Tien jaar lang zochten ze een evenwicht tussen concept en commercie. Nu zijn Viktor & Rolf klaar om de wereld te veroveren. En ze pakken het meteen groots aan met een parfumcontract bij L’Oréal en in november een vrouwen-, mannen- én accessoirelijn voor H&M in vierentwintig landen.

In hartje Amsterdam, recht tegenover het Rijksmuseum, staat een imposante villa van begin vorige eeuw. Een gigantisch gouden zegellogo met de initialen V&R aan de voorgevel verraadt dat dit de heimat is van Viktor & Rolf, Nederlands modetrots die internationaal steeds hogere toppen scoort. Binnen staan kunstige gebakjes uitnodigend te wachten in een elegante salon. Geblaf kondigt de komst van het duo aan. Nieuwsgierig steekt Vicky, de teckel van Viktor Horsting, haar neus om de deur, komt even snuffelen aan de bezoekers en kijkt afwachtend naar de deur, waar haar baasje verschijnt. Op foto’s in modebladen lijken ze steevast een tweeling : altijd in dezelfde stijl gekapt, gegroomd, gekleed en bebrild. In levenden lijve vallen de verschillen meteen op : Viktor Horsting lijkt spontaner en antwoordt meestal als eerste, Rolf Snoeren is eerder van het zwijgzame, denkende type. Wanneer Viktor praat, bekijkt Rolf onderzoekend zijn bezoekers. De eerste vraag ligt dan ook voor de hand.

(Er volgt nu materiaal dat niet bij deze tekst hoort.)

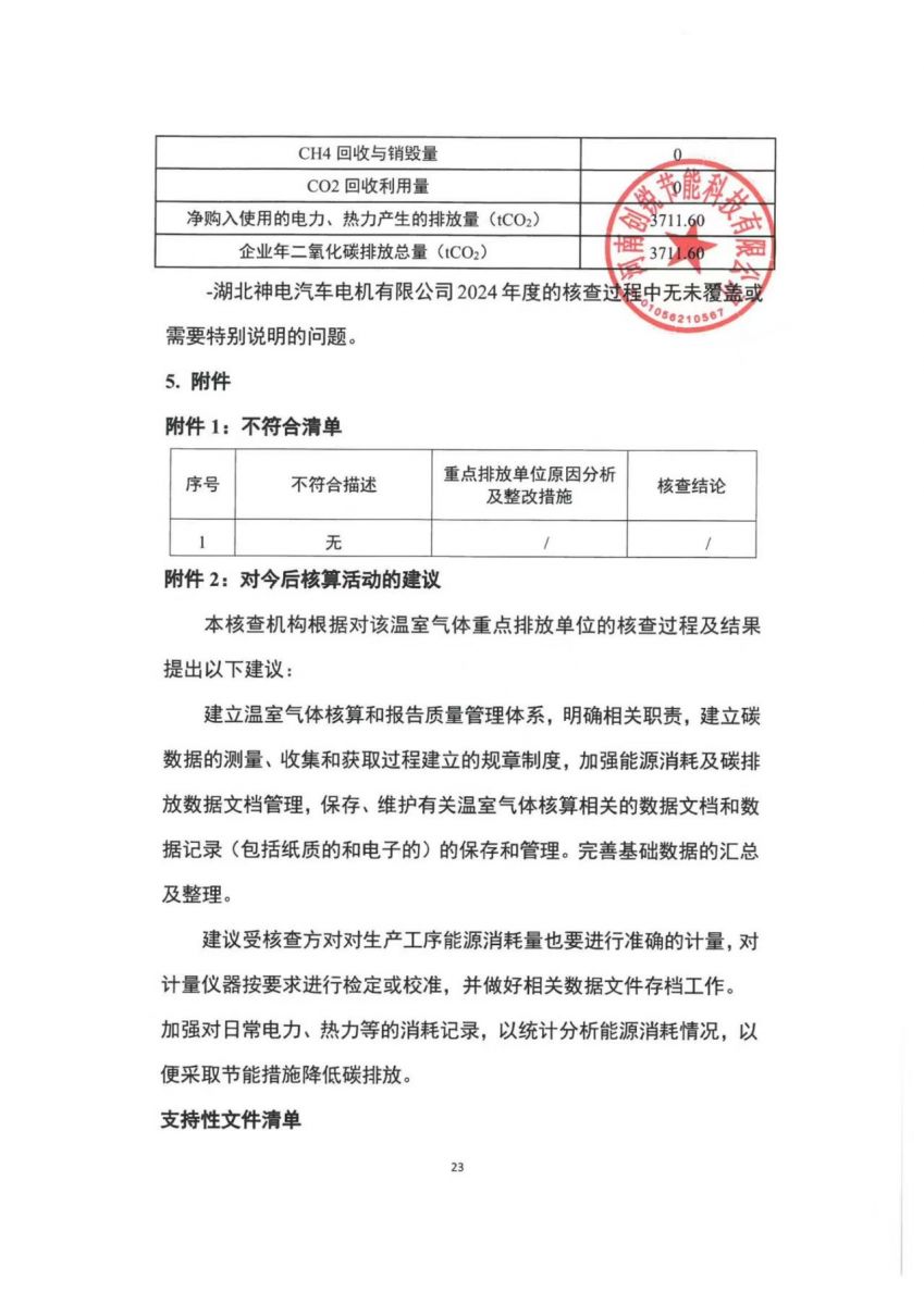 湖北神电汽车电机有限公司2024年温室气体排放核查报告

Hoe zien jullie jezelf : als een soort broers, tweelingen, of beste vrienden ?

Viktor Horsting : Beste vrienden. Uiteraard brengen we veel tijd samen door. Het is niet altijd gemakkelijk om aan een buitenstaander uit te leggen wat er gebeurt. We werken samen als één designer. Hoe we dat juist doen, is iets wat veel mensen zich afvragen, maar voor ons is dat vanzelfsprekend. Je kunt met een schets beginnen en hem samen afmaken, maar dat is een erg simpele manier om het te beschrijven. We praten gewoon veel en denken op een gelijkaardige manier.

Rolf Snoeren : We zijn complementaire persoonlijkheden, we zeggen altijd dat één plus één drie is. We hebben er nooit aan gedacht om alleen te werken en zullen dat ook nooit doen. Onze samenwerking is de essentie van het merk.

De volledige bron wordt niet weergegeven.